Section 409A Compliance. The Board reserves the right, to the extent it deems it necessary or advisable in its sole discretion, to alter or modify the Plan and any outstanding Awards under the Plan, without the consent of the Grantees,
so as to ensure that all Awards and Award Agreements provided to Grantees who are subject to U.S. income taxation either qualify for an exemption from the requirements of Section 409A of the Code or are structured in a manner that complies with
those requirements; provided, however, that neither the Company nor any Related Entity makes any representations that any Awards made under the Plan will in fact be exempt from the requirements of Section 409A of the Code or otherwise comply
with those requirements, and each Grantee shall accordingly be solely responsible for any taxes, penalties or other amounts which may become payable with respect to his or her Awards by reason of Section 409A of the Code. 
 20. Deferred Issuance Date.

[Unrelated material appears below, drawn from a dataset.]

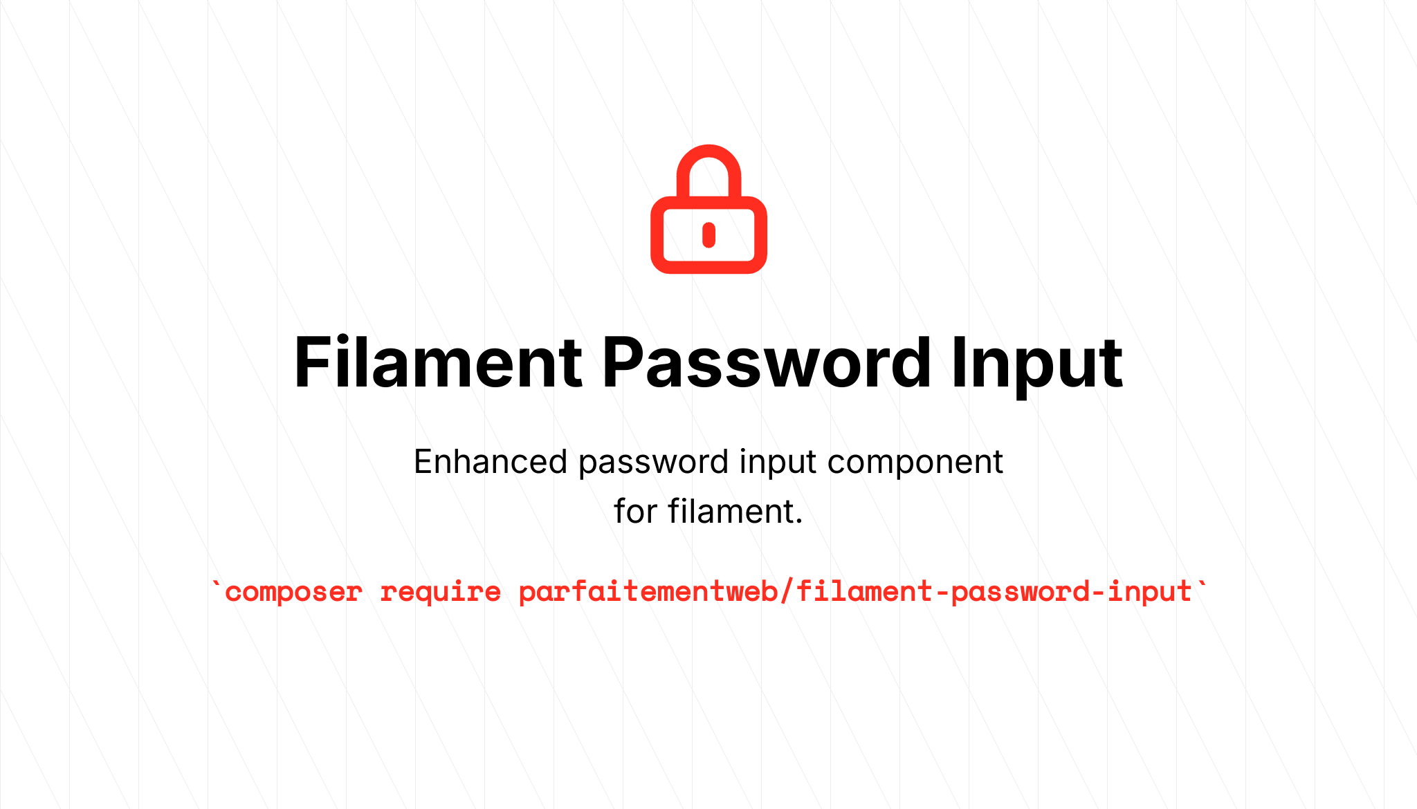use Parfaitementweb\FilamentPasswordInput\Password; use Filament\Forms\Form; public function form(Form $form): Form { return $form ->schema([ // ... Password::make('password') ->label('Password'), ]); }

Notwithstanding any provision to the contrary in this Plan or any outstanding Award Agreement, to the extent any Award
under this Plan may be deemed to create a deferred compensation arrangement under Section 409A of the Code, then the following limitations shall apply to such Award and the applicable Award Agreement (if not otherwise expressly provided
therein): 
  

	 	•	 	 No shares of Common Stock or other amounts which become issuable or distributable under such Award Agreement by reason of the Grantee’s cessation of Continuous
Service shall actually be issued or distributed to such Grantee until the date of his or her Separation from Service (as determined in accordance with the provisions of Section 1.409A-1(h) of the Treasury Regulations) or as soon thereafter as
administratively practicable, but in no event later than the later of (i) the close of the calendar year in which such Separation from Service occurs or (ii) the fifteenth day of the third calendar month following the date of such
Separation from Service. 

  

	 	•	 	 No shares of Common Stock or other amounts which become issuable or distributable under such Award Agreement by reason of the Grantee’s cessation of Continuous
Service shall actually be issued or distributed to such Grantee prior to the earlier of (i) the first day of the seventh (7th) month following the date of the Grantee’s Separation from Service or (ii) the date of Grantee’s
death, if he or she is deemed at the time of such Separation from Service to be a specified employee under Section 1.409A-1(i) of the Treasury Regulations as determined by the Administrator in accordance with consistent and uniform standards
applied to all other Code Section 409A arrangements of the Company, and such delayed commencement is otherwise required in order to avoid a prohibited distribution under Code Section 409A(a)(2). The deferred Shares or other distributable
amount shall be issued or distributed in a lump sum on the first day of the seventh (7th) month following the date of the Grantee’s Separation from Service or (if earlier) the first day of the month immediately following the date the
Corporation receives proof of his or her death.